I'm afraid I cant be a lot of help here: since f.p.  is the same speed
for double on the UltraSparcs I never bothered with writing special
codes single precision.  Some years ago, I did the same thing with my
own codes, changed double to single in a code written for double, and it
did indeed run slower. 

The only thing I can say is that I dont think its gcc's fault: I
inspected the assembler output for my code and I could not fault it.

  >>  is to be faster, it should be single.  The only thing I can think of is that
  >>  it has something to do with the load instruction used; I know double precision
  >>  performance takes a beating if you don't assume it is 8-byte aligned.  Perhaps

this is because without this assumption, you will be doing 2 4-byte
loads for each double, so it doubles the total number of loads (and
stores), and slows you down for that reason. 

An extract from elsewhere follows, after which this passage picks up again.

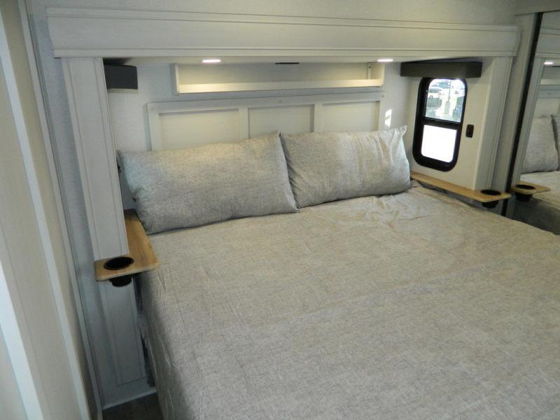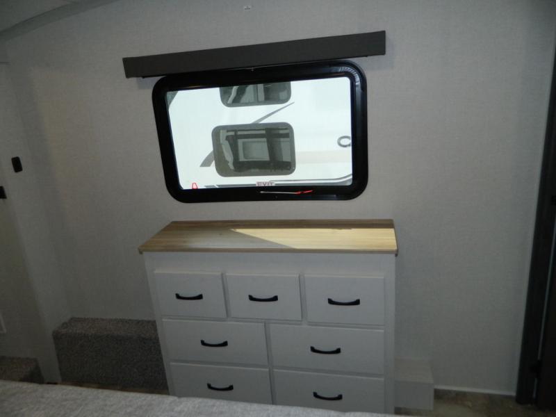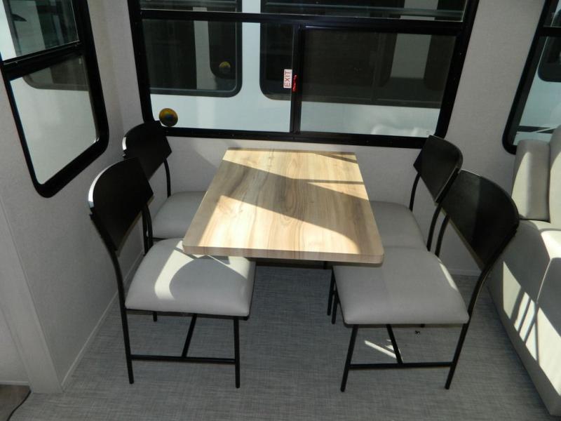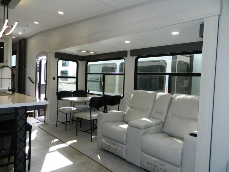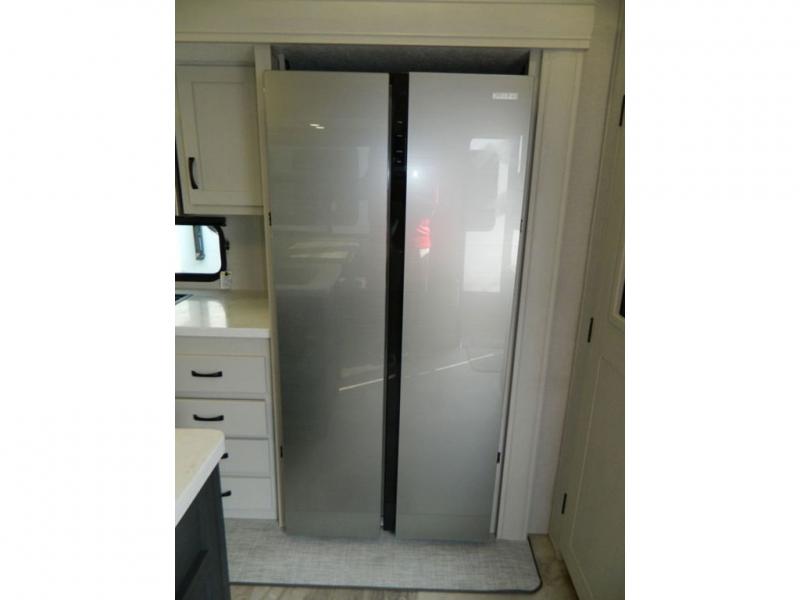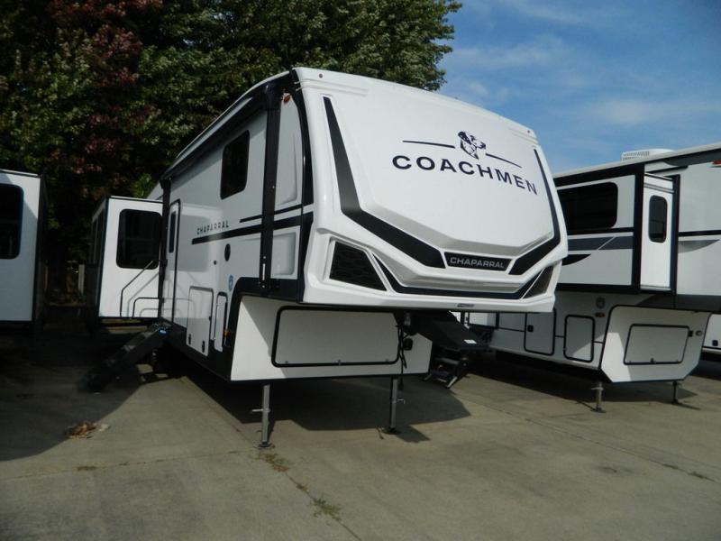Each Chaparral mid-profile fifth wheel by Coachmen is designed with residential features, loads of storage space, and roomy bedroom suites to make you feel right at home. The durable construction means you can enjoy your RV for years to come. There's 6X double Azdel aluminum cage sidewall system, Weather Shield+ technology, and Tri-Tex powder coated frame technology that will help extend your camping season. Each model includes a Winegard Air 360+ HDTV/radio dome antenna to help keep you connected as you camp, slow rise blackout roller night shades, a new 16 cu. ft. side-by-side stainless glass 12V refrigerator, and a modern electric fireplace to make your space cozy. There is also a large transom window in the kitchen, a modern high-rise faucet, LED motion sensor lights in the bathroom, plus a full-size shower with glass doors and a seat. Now that's what I call luxury! Choose a Chaparral fifth wheel today!

There is nothing in the UltraSparc specifications that I know of that
suggest that a single floating point load is slower than a double
floating point load.  The only thing I can think of is that for single,
with the same degree of unrolling, you might be increasing your chances
of direct-mapped conflicts in the top-level cache: still that would not
seem to be able to account for so large a difference. 

  >>  this is the problem with single precision?  Does anyone know of any reason
  >>  for single to be slower than double on UltraSparcs, in particular with gcc?
  >> 

I think that to get good performance for single, you need to to unroll
more than for double and make full use of the register file.  Another
trick which I experimented with on the V7 and V8 sparcs (long ago :)
was to use a load double instruction to load two consecutive singles.
You had to assume that the leading dimension was even, but it did make
a difference, at least on the V7 sparcs. 


Regards, Peter